Data in this exercise
═══
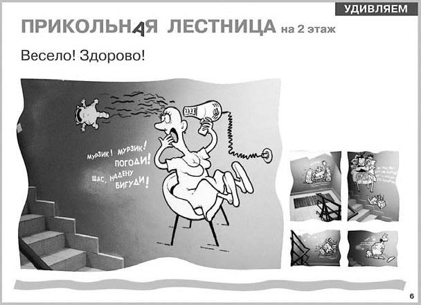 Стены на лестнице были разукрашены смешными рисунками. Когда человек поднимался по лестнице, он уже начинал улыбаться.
═══
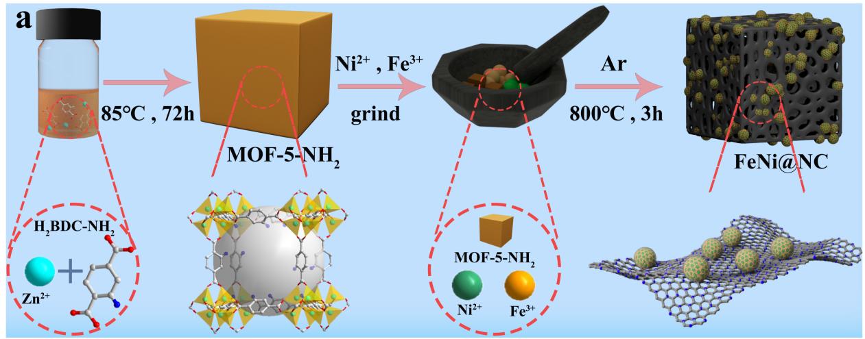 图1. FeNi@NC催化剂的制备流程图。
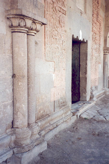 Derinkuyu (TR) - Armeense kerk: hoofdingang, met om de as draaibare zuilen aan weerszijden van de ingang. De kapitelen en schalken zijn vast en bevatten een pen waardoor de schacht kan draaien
═══
Task requirements
The stretch above running from the line with "图1. FeNi@NC催化剂的制备流程图。" through the line with "Derinkuyu (TR) - Armeense" is all you should copy, exactly, leaving out the pictures.

Result below
 图1. FeNi@NC催化剂的制备流程图。
 Derinkuyu (TR) - Armeense kerk: hoofdingang, met om de as draaibare zuilen aan weerszijden van de ingang. De kapitelen en schalken zijn vast en bevatten een pen waardoor de schacht kan draaien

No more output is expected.